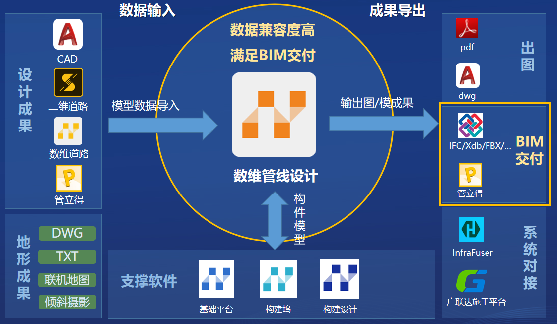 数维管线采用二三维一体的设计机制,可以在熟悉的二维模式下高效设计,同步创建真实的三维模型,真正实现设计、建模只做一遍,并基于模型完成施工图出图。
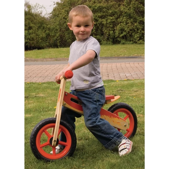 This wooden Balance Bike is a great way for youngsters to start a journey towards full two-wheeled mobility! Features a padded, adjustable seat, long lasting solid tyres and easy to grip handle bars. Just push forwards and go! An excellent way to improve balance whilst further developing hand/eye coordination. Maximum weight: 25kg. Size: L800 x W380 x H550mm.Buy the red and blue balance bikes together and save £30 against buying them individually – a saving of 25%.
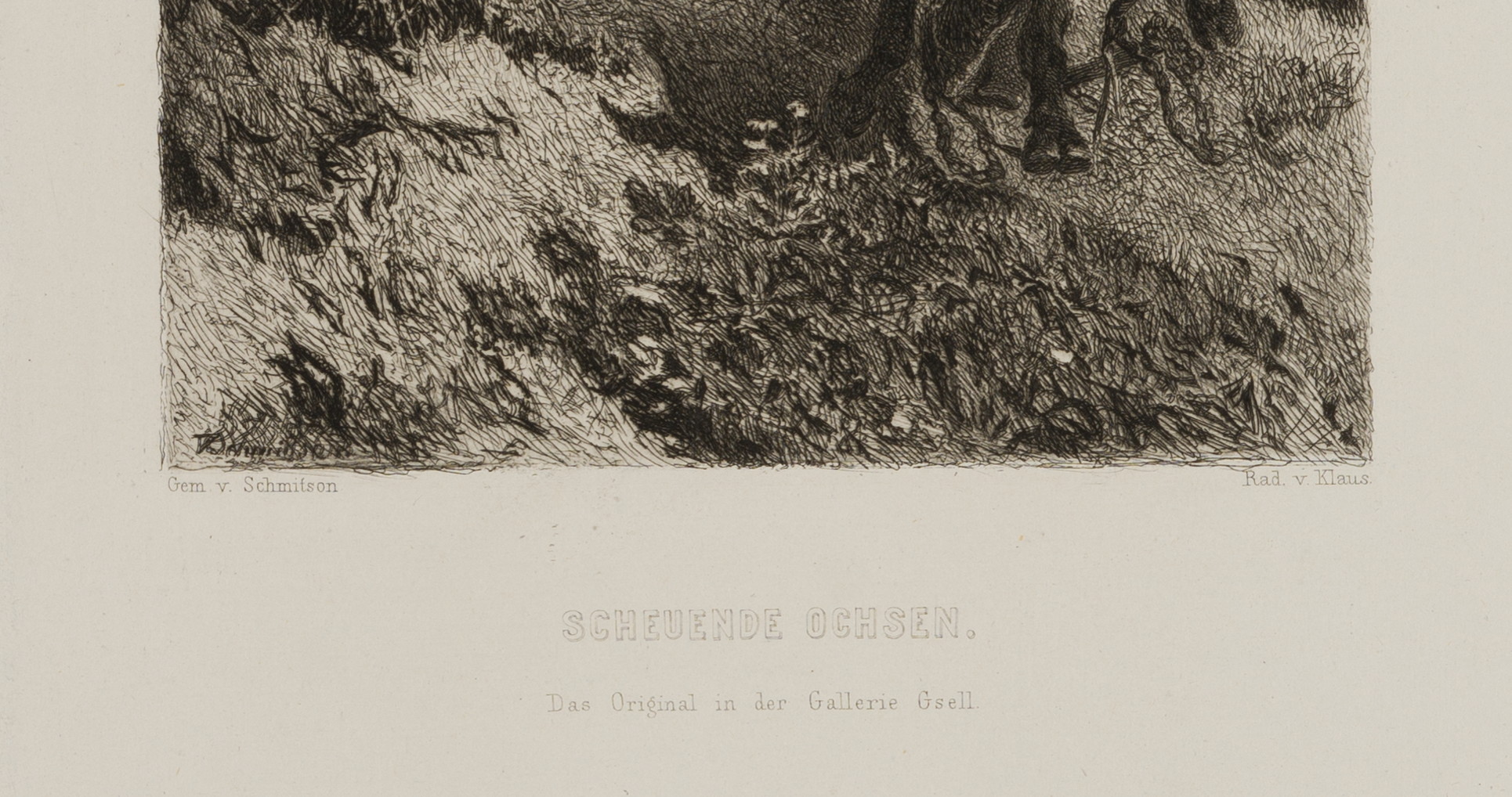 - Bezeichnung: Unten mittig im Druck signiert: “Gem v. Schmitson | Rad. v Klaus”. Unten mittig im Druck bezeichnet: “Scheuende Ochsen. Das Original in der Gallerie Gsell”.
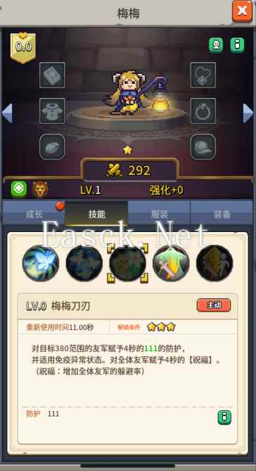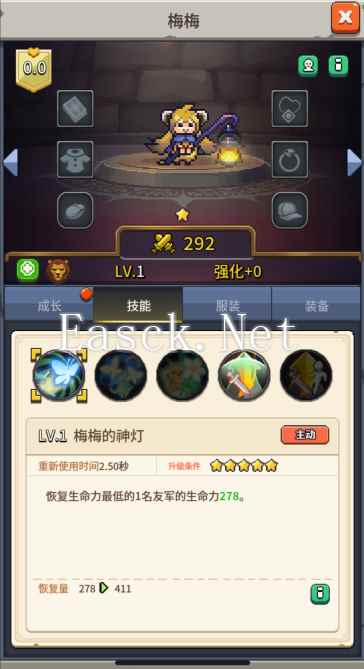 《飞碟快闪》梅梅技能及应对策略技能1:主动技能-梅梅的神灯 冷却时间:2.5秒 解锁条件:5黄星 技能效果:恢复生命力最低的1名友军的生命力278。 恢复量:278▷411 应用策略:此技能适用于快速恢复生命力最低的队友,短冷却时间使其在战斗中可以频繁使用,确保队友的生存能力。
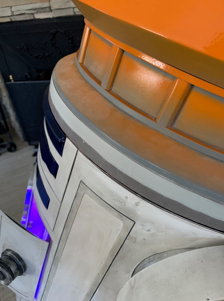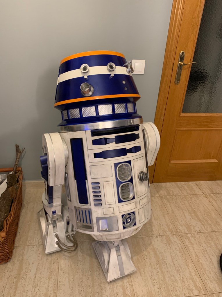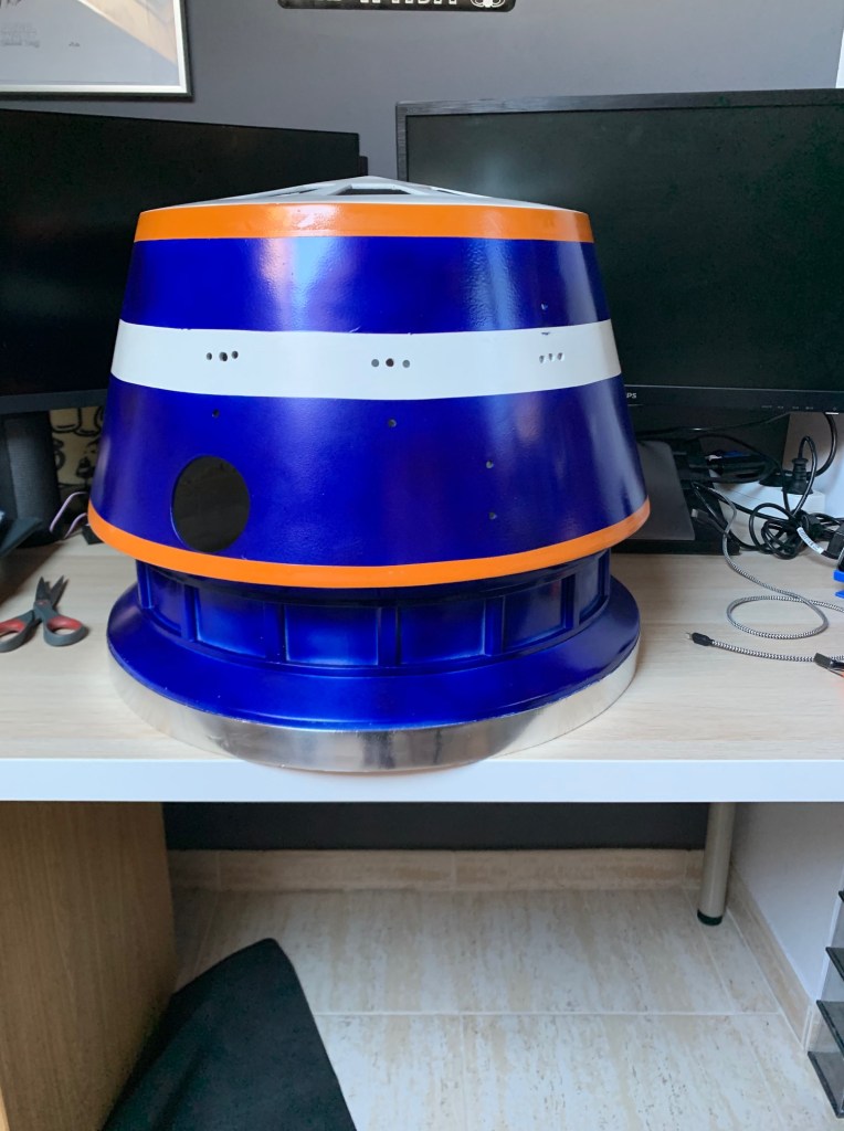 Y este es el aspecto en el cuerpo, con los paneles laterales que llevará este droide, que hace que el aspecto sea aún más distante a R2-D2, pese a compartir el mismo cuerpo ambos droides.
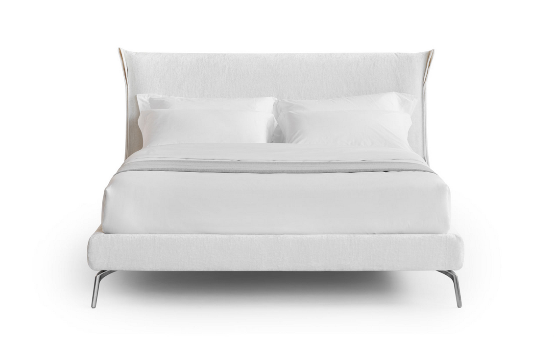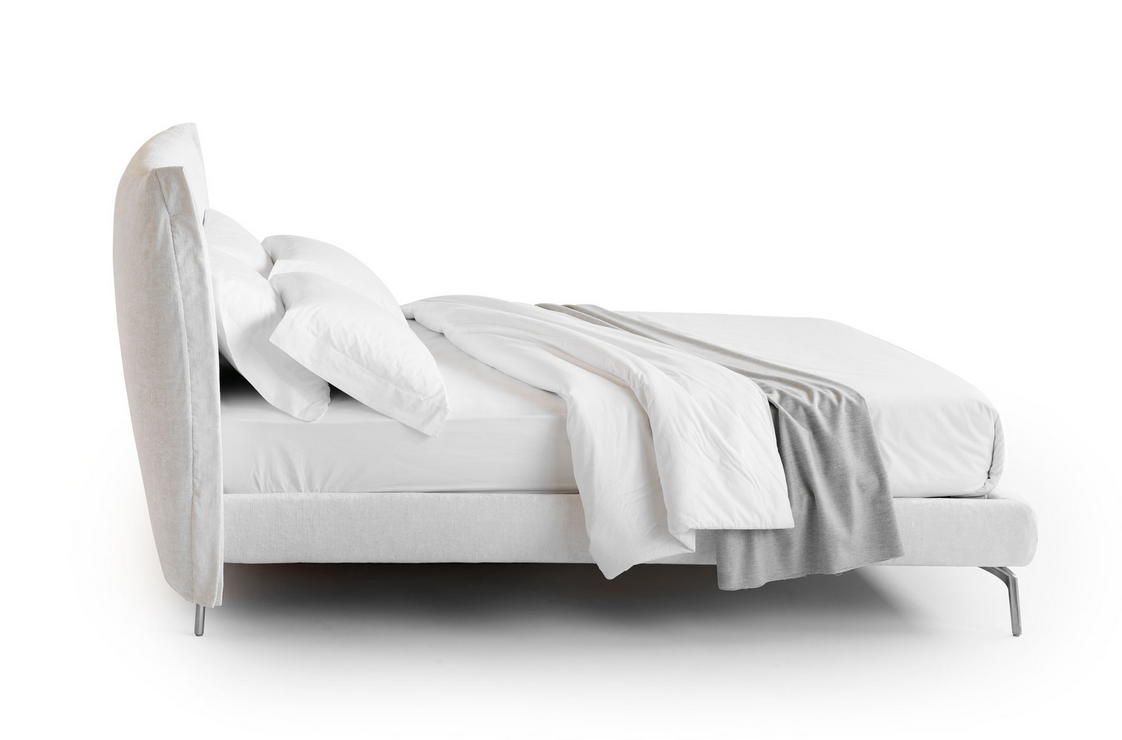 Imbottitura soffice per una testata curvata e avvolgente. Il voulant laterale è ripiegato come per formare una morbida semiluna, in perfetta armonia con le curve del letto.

================

■ **WORK ORDER**:
Retype each entry above character for character; pictures stay out.

■ **ANSWER BELOW**:
 数维管线采用二三维一体的设计机制,可以在熟悉的二维模式下高效设计,同步创建真实的三维模型,真正实现设计、建模只做一遍,并基于模型完成施工图出图。
 This wooden Balance Bike is a great way for youngsters to start a journey towards full two-wheeled mobility! Features a padded, adjustable seat, long lasting solid tyres and easy to grip handle bars. Just push forwards and go! An excellent way to improve balance whilst further developing hand/eye coordination. Maximum weight: 25kg. Size: L800 x W380 x H550mm.Buy the red and blue balance bikes together and save £30 against buying them individually – a saving of 25%.
 - Bezeichnung: Unten mittig im Druck signiert: “Gem v. Schmitson | Rad. v Klaus”. Unten mittig im Druck bezeichnet: “Scheuende Ochsen. Das Original in der Gallerie Gsell”.
 《飞碟快闪》梅梅技能及应对策略技能1:主动技能-梅梅的神灯 冷却时间:2.5秒 解锁条件:5黄星 技能效果:恢复生命力最低的1名友军的生命力278。 恢复量:278▷411 应用策略:此技能适用于快速恢复生命力最低的队友,短冷却时间使其在战斗中可以频繁使用,确保队友的生存能力。
 Y este es el aspecto en el cuerpo, con los paneles laterales que llevará este droide, que hace que el aspecto sea aún más distante a R2-D2, pese a compartir el mismo cuerpo ambos droides.
 Imbottitura soffice per una testata curvata e avvolgente. Il voulant laterale è ripiegato come per formare una morbida semiluna, in perfetta armonia con le curve del letto.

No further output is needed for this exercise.